Genetic relationships among Australian Cricotopus

Genetic relationships among Australian Cricotopus


Description

Freshwater biomonitoring is routinely undertaken to infer and monitor the ‘health’ of freshwater ecosystems across the country, particularly in areas impacted by mining. This methodology can benefit from accurately resolved species-level systematics, as decisions regarding so-called ‘indicator’ species are reliant on our understanding of actual biological relationships among closely allied taxa.

In Australia, one group of understudied freshwater taxa of biomonitoring importance is the non-biting midge genus Cricotopus. Australian Cricotopus species inhabit a wide variety of habitat types, from highly degraded coastal streams and man-made drainages to more pristine upland streams. Interestingly, there is much variation among the ecologies of individual species such that some widespread species are highly tolerant of impacted environments, whilst others are highly sensitive and geographically restricted.

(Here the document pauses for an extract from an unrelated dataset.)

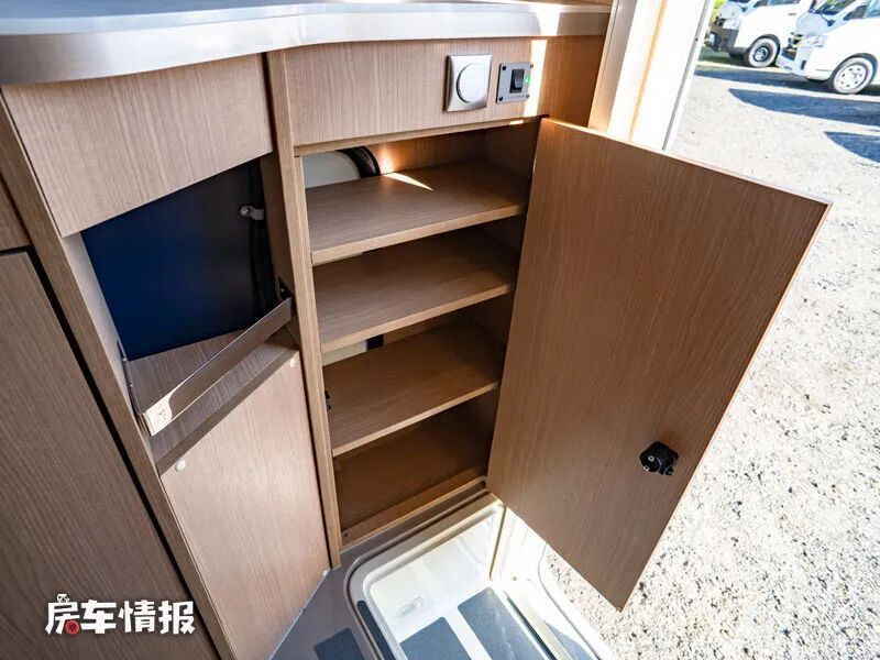 后方则是备菜区域,下方则是全车的主要储物空间,最外侧还打造成了鞋柜,可以存放几双常穿的鞋子。
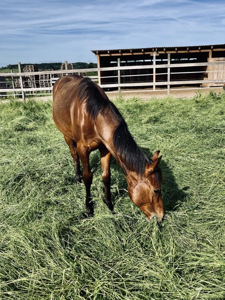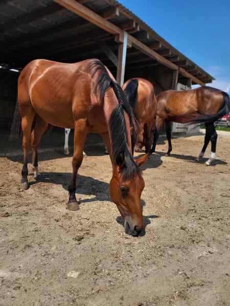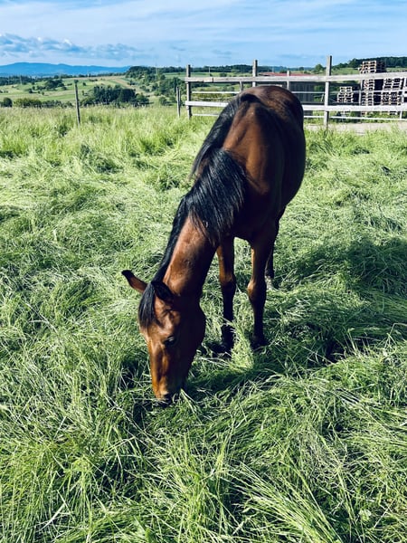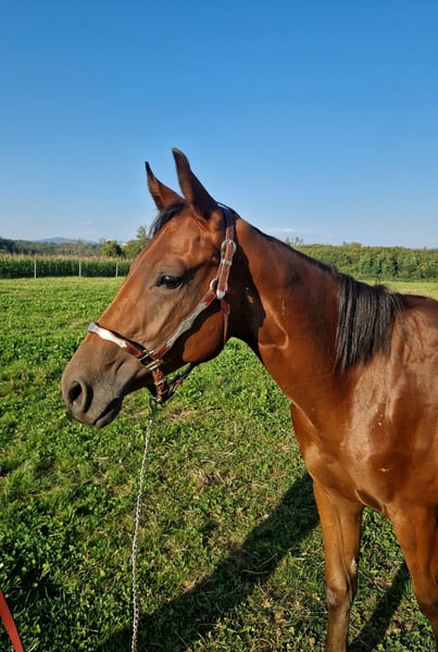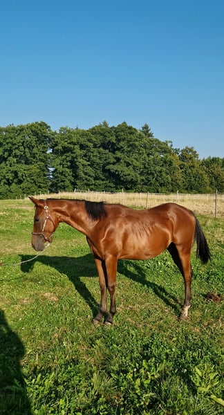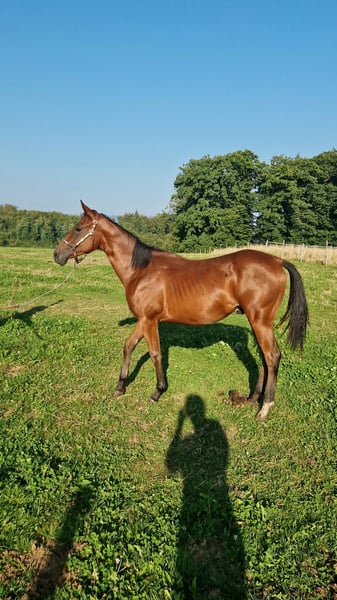 Pour notre "BEN" (ZIPPOS BENTLEY RIDE), nous recherchons une maison 5 étoiles. Ce joli étalon Quarter Horse (né en 2024) a vu le jour chez nous. Ses parents sont également sur notre ferme : Mère : ZIPPYS GLAMOURDONNA Père : Zippos King Bar BEN est notre petit paquet de muscles. Il se distingue par son apparence élégante et intemporelle. Il possède une conformation très correcte et est doté d'un mouvement exceptionnel. Il convient aussi bien pour les compétitions que pour les loisirs. Il est actuellement encore en élevage avec sa mère et a des poulains de son âge pour jouer. Il a découvert tout ce qu'il faut savoir à cet âge : Donner les sabots, être brossé, se doucher/laver, être mené en licol. Ben est régulièrement vermifugé, possède un passeport équin de la DQHA et les papiers américains (certificate of registration) de l'AQHA. Il peut soit rester ici pour un élevage supplémentaire, soit déménager dans sa nouvelle maison. Si vous souhaitez rencontrer Ben, n'hésitez pas à nous écrire.

Despite the apparent variation in life history traits among species within the genus, the genus is widely included in biomonitoring surveys of water quality, in which the presence of larval Cricotopus in water bodies is often taken to be an indicator of negative impact. This generalisation that all members of the genus are highly tolerant of stream impact appears largely due to our poor understanding of larval morphology among many Australian Cricotopus species. Thus, it is likely that important information concerning stream ‘health’ is being overlooked because accurate species identifications cannot be made for this genus.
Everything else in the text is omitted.